Política aristotélica, o sobre la vida en la polis

La reflexión política en Aristóteles conserva una continuidad


armónica con su aspiración ética; pues si el fin del hombre es
la felicidad, la realización de ese bien supremo deberá
gestionarse desde la evidencia de que él no es un mero
animal más que pueda sobrevivir aislado del mundo, sino
que vive en el seno de una agrupación humana que satisfaga
sus necesidades. De forma natural, la comunidad es siempre
previa al individuo, pues solo en ella se realiza y perfecciona
como ser humano integrándose en su correspondiente
comunidad política (koinonía politiké) formada por
ciudadanos que compartan un ideal de virtud individual y
colectiva: solo en ella puede ser feliz.

De enorme repercusión para el pensamiento político, una de


las principales innovaciones aristotélicas radica en que
definir el hombre como animal a cuya naturaleza pertenece
el ser miembro de una polis es considerarlo siempre como un
ciudadano que se comunica, convirtiéndose así en un animal
político y social dotado de lenguaje, de razón y de palabra
(logos):

La razón por la cual el hombre es un ser social, más que


cualquier abeja y que cualquier animal gregario, es evidente:
la naturaleza, como decimos, no hace nada en vano, y el
hombre es el único animal que tiene palabra. […] La palabra
es para manifestar lo conveniente y lo perjudicial, así como
lo justo y lo injusto.
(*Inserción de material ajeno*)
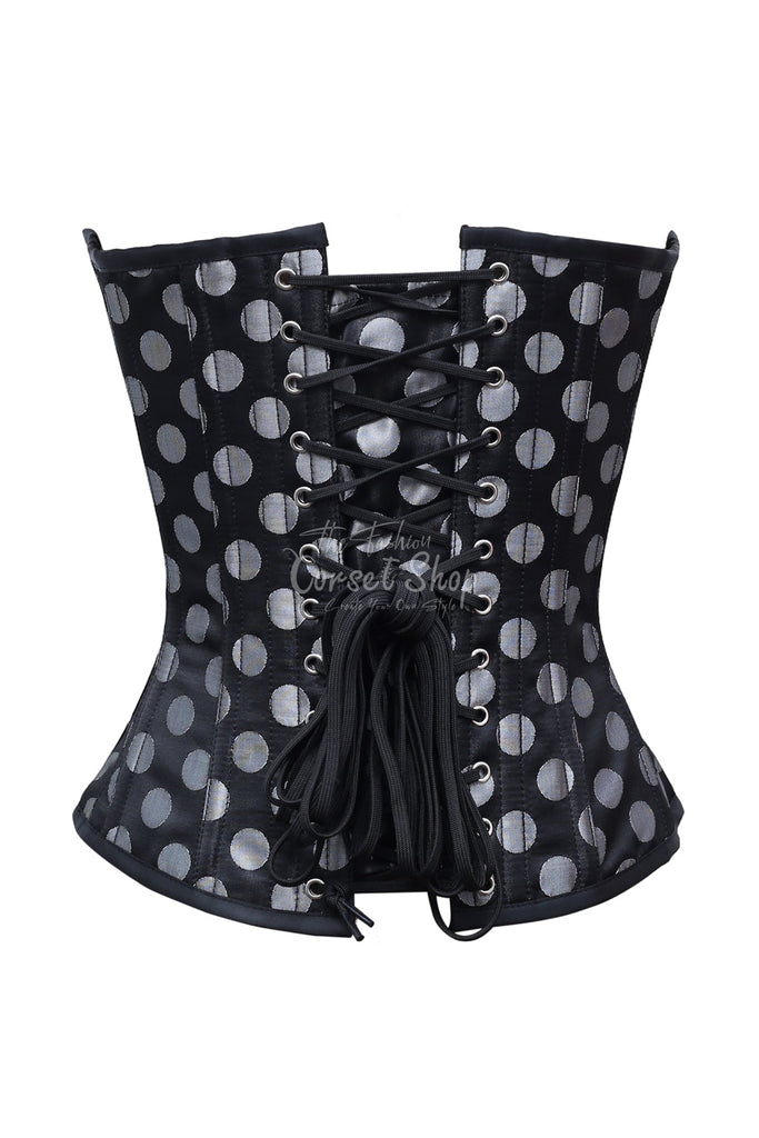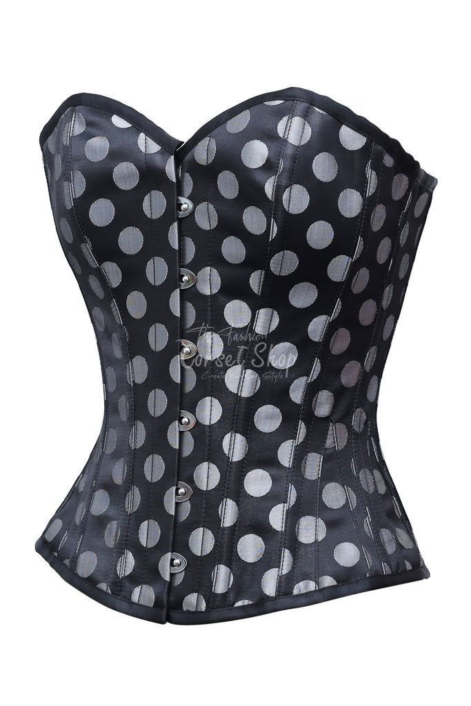 Konstantine Polka Dot On Black Satin Overbust Corset
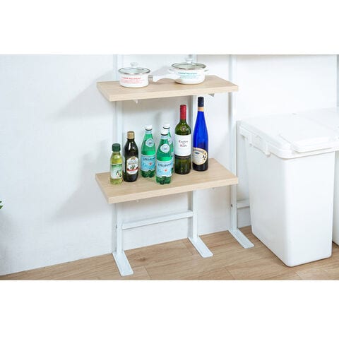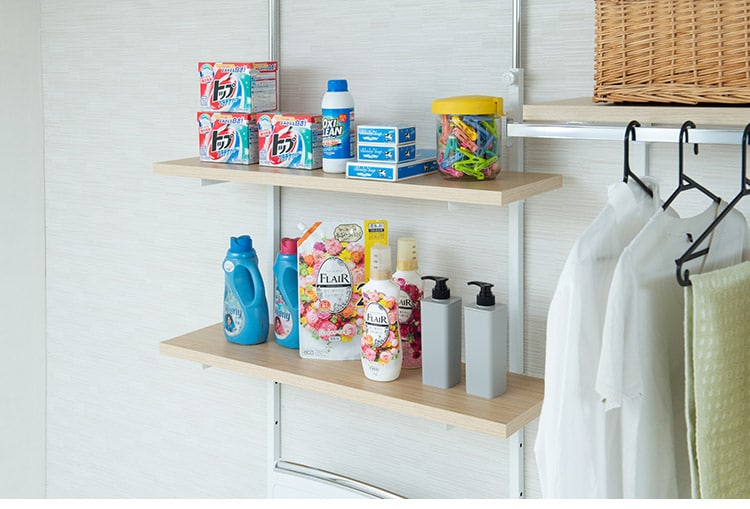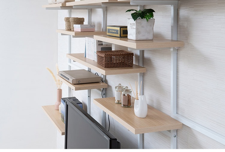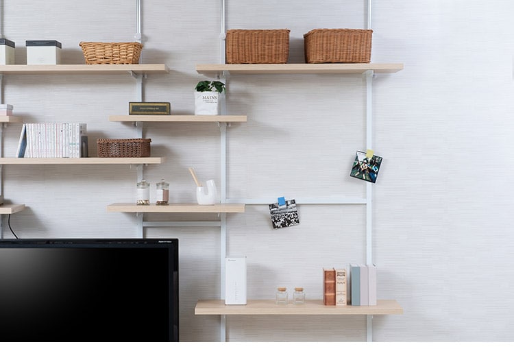 無段階に棚板の位置を調節できる突っ張りウォールシェルフ。棚板の位置を無段階に調節できるから自分の丁度いい高さにすることができます。
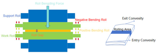 The bending rolls exhibit significant magnitudes and substantial fluctuations during the rolling procedure. The present study investigates the coupling relationship between the bending roll force and the rolling gap while maintaining a constant rolling convexity [24]. The simplified structure of the mill and workpiece is shown in Figure 1.
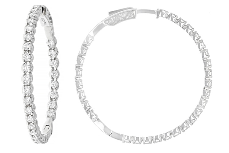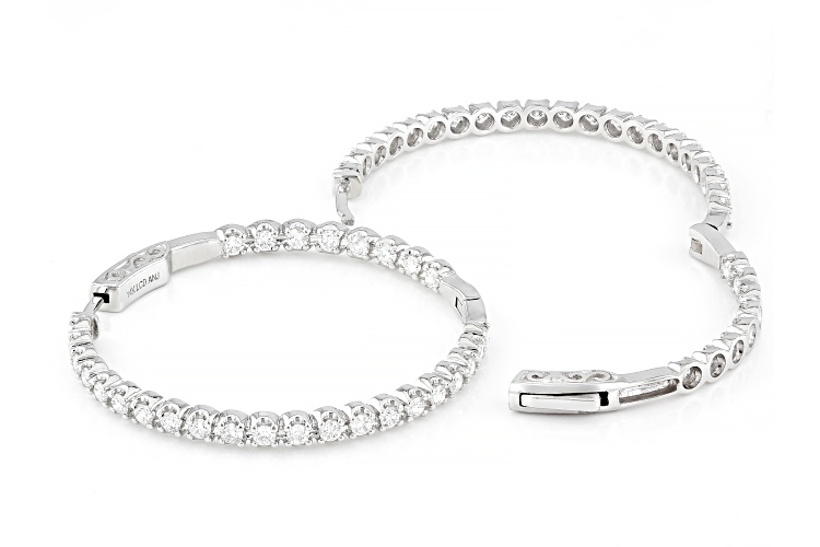 • Prazana® Lab-Grown Diamonds 3.00ctw Round White Diamond 14k White Gold Hoop Earrings, F SI2

Y esto es lo propio del hombre frente a
los demás animales: poseer, él solo, el sentido del bien y del
mal, de lo justo y de lo injusto, y de los demás valores, y la
participación comunitaria de estas cosas constituye la casa y
la ciudad (Política I, 2, 1253a).

Los regímenes políticos

La centralidad de Aristóteles para la historia del pensamiento


político tiene una última característica decisiva. Partiendo de
un profundo análisis empírico de tipo comparado sobre las
realidades políticas de su época, el filósofo lanzó una mirada
sobre la variedad de regímenes políticos existentes, sobre su
turbulento desarrollo y sus recurrentes crisis. En su
innovador esfuerzo empírico por reunir y estudiar todas las
constituciones escritas de las polis griegas –unas 158
constituciones–, a fin de determinar su evolución histórica y
analizar comparativamente sus diferentes instituciones,
costumbres y leyes, se cifra la honda preocupación por
evaluar las distintas formas de gobierno asumibles por una
polis dependiendo de las transformaciones impuestas por la
realidad social subyacente.
¿Podemos conocer las causas en que reside la destrucción o
la conservación de las diferentes estructuras jurídico-
políticas de las polis? ¿Podemos identificar las formas rectas,
aquellas que se proponen el bien común, y rechazar las
formas corruptas, aquellas que solo tienen en cuenta los
beneficios personales de los gobernantes? (Política III, 6-7,
1279a). Para responder afirmativamente a estas y otras
preguntas, el Estagirita establece una clasificación de los
regímenes políticos distinguiendo las formas que considera
rectas –conformes a la justicia– y las despóticas –contrarias a
la justicia– basada en dos criterios: el número de gobernantes
(uno, pocos o la mayoría) y la búsqueda del interés común
como finalidad.
¿Cuál sería la mejor forma de gobierno? Aristóteles
considerará una vía intermedia entre la oligarquía y la
democracia, una suerte de democracia atemperada por la
oligarquía, que posea las virtudes de esta pero carezca de sus
defectos. A este régimen mixto, donde los derechos políticos
pertenecerían a las capas medias de población libre, lo
denominará “república” (Política III, 7, 1279a). Así, para
eludir los extremos de toda desigualdad, para conferir la
necesaria duración a las leyes, se deberá priorizar la
consolidación de la clase media, facilitando una mayor
participación de los ciudadanos en el gobierno de la polis:
“La ciudad debe estar construida lo más posible de
elementos iguales y semejantes, y esto se da sobre todo en la
clase media, de modo que una ciudad así es necesariamente
mejor gobernada” (Política IV, 11, 1295b).